Its not keeping the temperature that I set it to. It will for a couple of days and then drop 10 degrees with out turning back on. 

I am unsure of the make or model of the heater as I bought it from Menagerie a couple years ago and did not keep the box for it. 

Any suggestions?


----------



## carmenh (Dec 20, 2009)

I always use Eheim Jager. Of the many I've had, I've only ever had one bad one and it was a bad seal, not a catastrophic failure like overheating/not heating, or exploding.


----------



## Fish_Man (Apr 9, 2010)

carmenh said:


> I always use Eheim Jager. Of the many I've had, I've only ever had one bad one and it was a bad seal, not a catastrophic failure like overheating/not heating, or exploding.


I too use the Eheim Jager and other heaters. I find that the Jager is made pretty well.
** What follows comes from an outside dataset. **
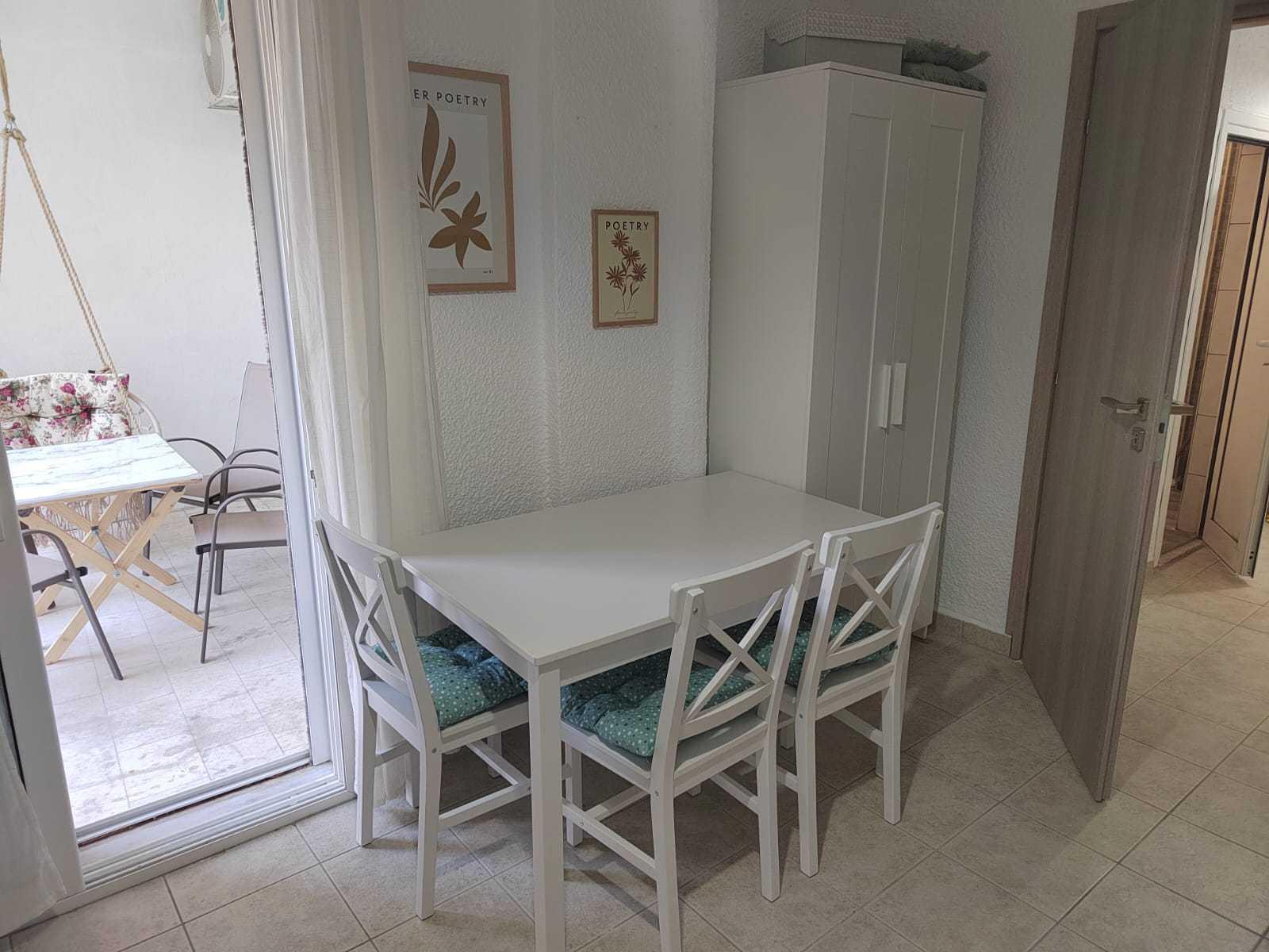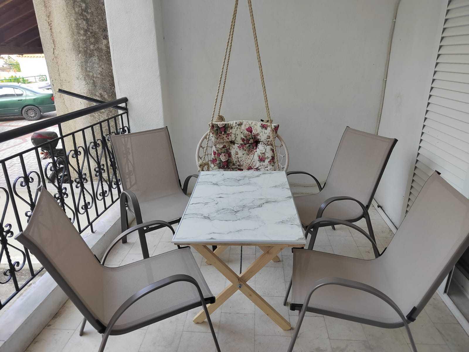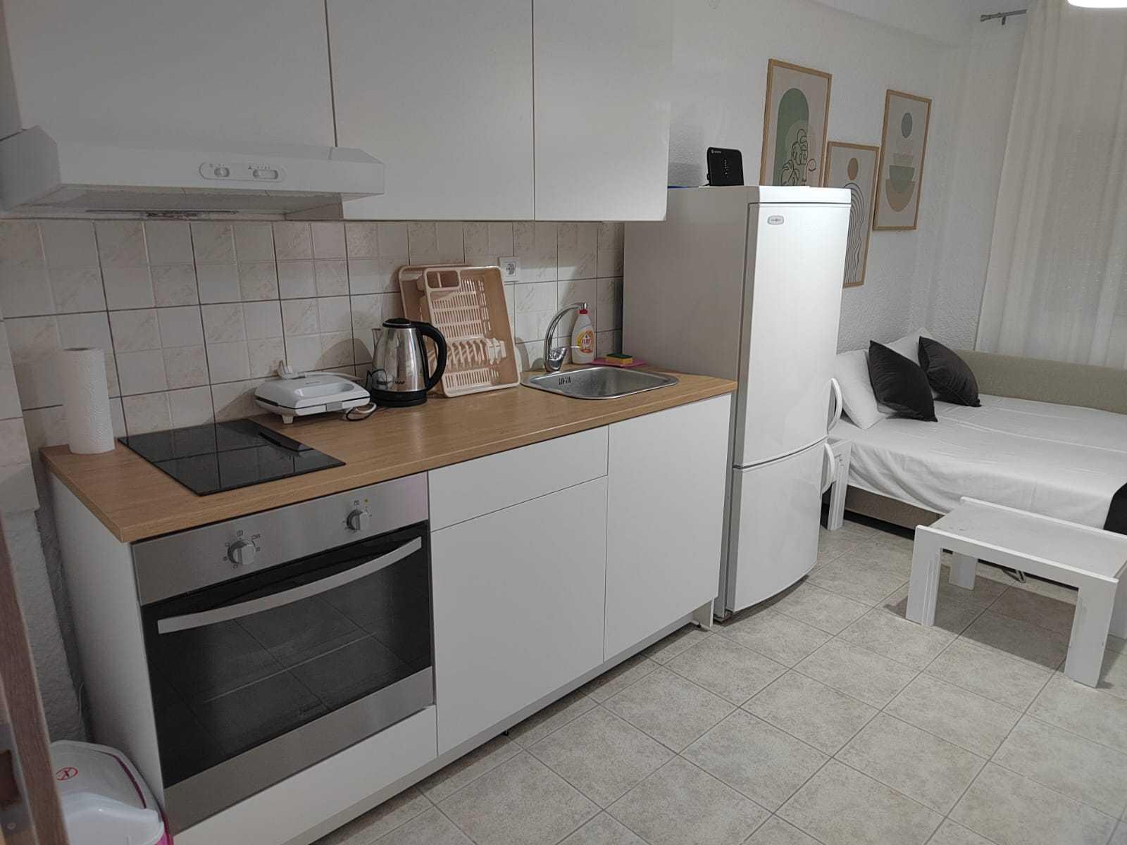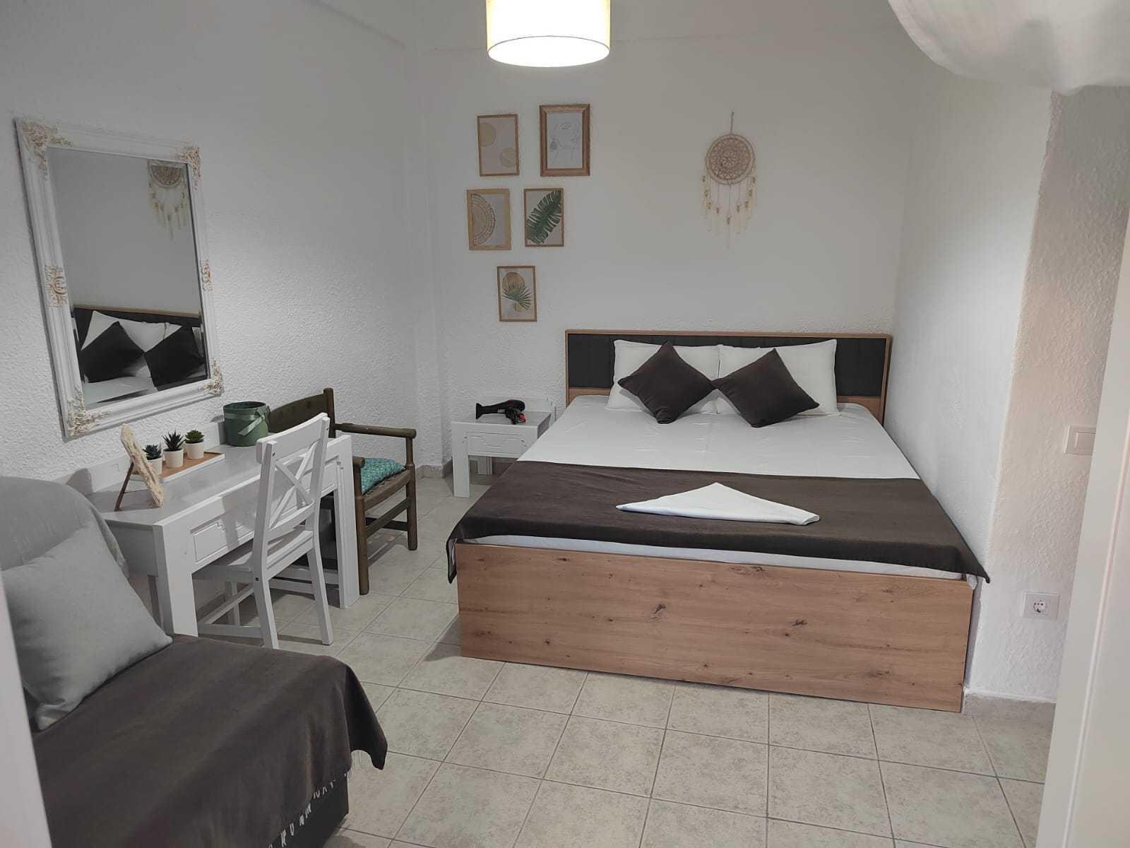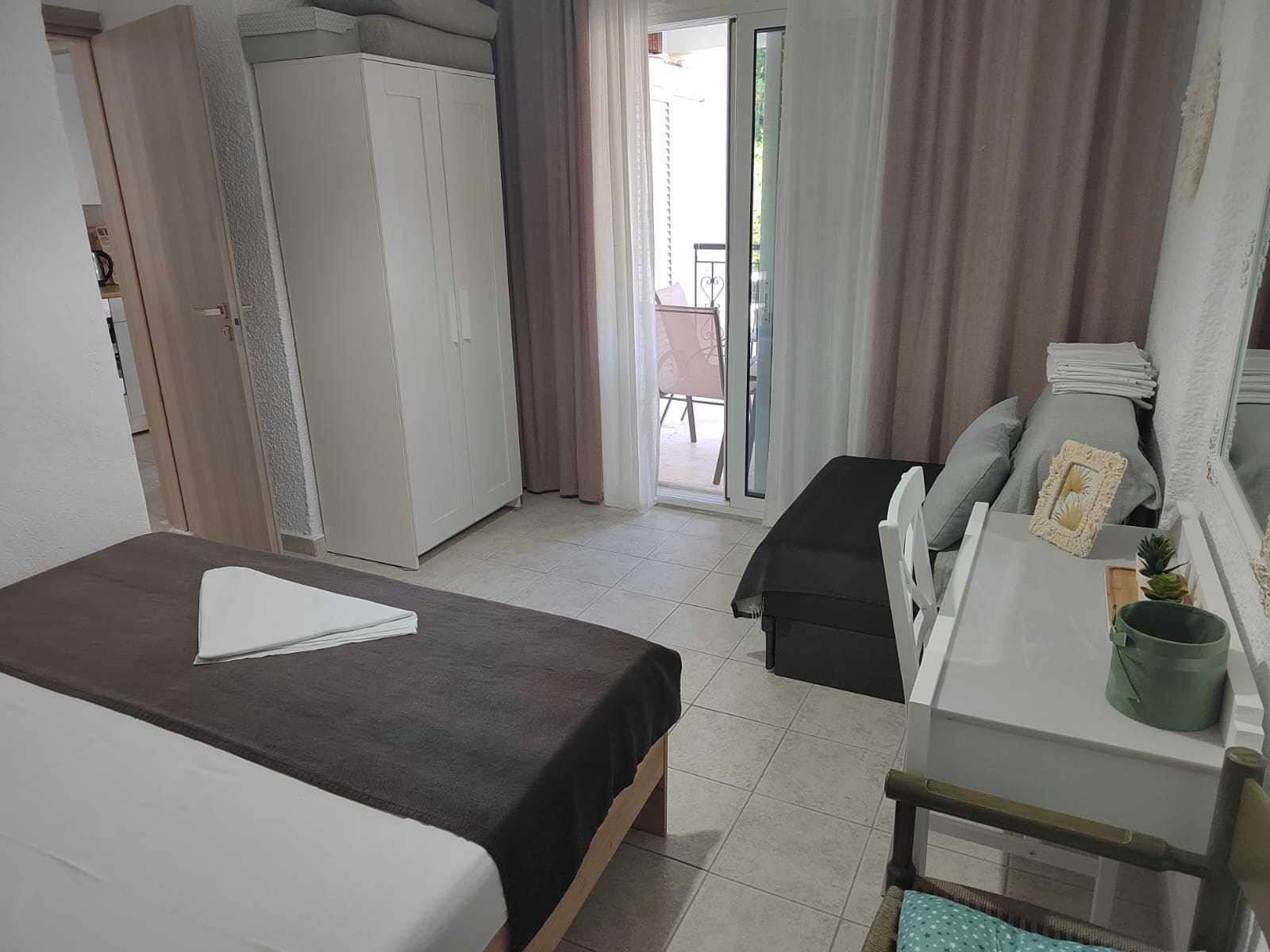 Smeštaj se nalazi u centru pored male fontane na visokom prizemlju, na 150m od mora. Apartman se sastoji od dve sobe, kupatila i kompletno opremljene kuhinje. Jedna soba je opremljena francuskim ležajem i foteljom koja ima mogućnost rasklapanja dok je druga opremljena ugaonom garniturom koja, takođe, ima mogućnost rasklapanja. Obe sobe imaju izlaz na prostranu terasu. Apartman je kompletno renoviran.

The only question I have for people with the Jager is: do you find it turns on very often? I had a 50 watt in a 10gal tank and the light was on very often as compare to my other heaters (Marineland, Fluval)


----------



## carmenh (Dec 20, 2009)

That's odd, I've never noticed that. But I haven't really paid attention...



Fish_Man said:


> I too use the Eheim Jager and other heaters. I find that the Jager is made pretty well.
> 
> The only question I have for people with the Jager is: do you find it turns on very often? I had a 50 watt in a 10gal tank and the light was on very often as compare to my other heaters (Marineland, Fluval)


----------



## tebore (Jan 3, 2010)

Fish_Man said:


> I too use the Eheim Jager and other heaters. I find that the Jager is made pretty well.
> 
> The only question I have for people with the Jager is: do you find it turns on very often? I had a 50 watt in a 10gal tank and the light was on very often as compare to my other heaters (Marineland, Fluval)


Keep in mind that less water means less heatsink so the temperature in a 10 gal will fluctuate more than a 90 gallon. It's 9x more water so it should take 9x more energy to warm up and take almost 9x to cool down.


----------



## Chromey (Sep 25, 2010)

Ive had 6 Eheim Jager in the last 4 months Die on me.

I will never buy another.


----------



## carmenh (Dec 20, 2009)

OMG, how did they fail? 



Chromey said:


> Ive had 6 Eheim Jager in the last 4 months Die on me.
> 
> I will never buy another.


----------



## Chromey (Sep 25, 2010)

2 of them The knob failed... Got stuck.

1 filled with water

2 stopped heating

1 Over heated, KNob said 72, Water was 85.


----------



## carmenh (Dec 20, 2009)

Crap, I hope it's just bad luck. 
I have to buy a heater today to replace the piece of #### visitherm that came with the last set up I bought. I noticed yesterday that the temp was only at 72, so I wanted to bump it a bit. I turned it a LOT clockwise and nothing happened. Then after a bit more, it finally came on but stayed on. When manipulating it, it's impossible to get a feel for where in the rotation the light turns on cuz it's different every time!



Chromey said:


> 2 of them The knob failed... Got stuck.
> 
> 1 filled with water
> 
> ...


----------



## fish_luva (Nov 24, 2009)

Heh Chromey, Were all these heaters newly purchased by you? or did you get these used from some other good Pn'ers? I got lots of these as well... Some of them are working but really need to adjust the heaters up to get to desired temperature....none have failed "YET"....

tks
Sheldon



Chromey said:


> 2 of them The knob failed... Got stuck.
> 
> 1 filled with water
> 
> ...


----------



## fish_luva (Nov 24, 2009)

Heh Fish_man, I have been finding that it turns on a lot in the smaller tanks because of water volume like *tebore* mentioned. IN my 10 and 20 gallon tanks the heater is constantly coming on and some all of the time. IN the larger tanks it comes on less, Once the tank does get heated up though in the larger ones it does not come on as much because it takes longer for that body of water to cool.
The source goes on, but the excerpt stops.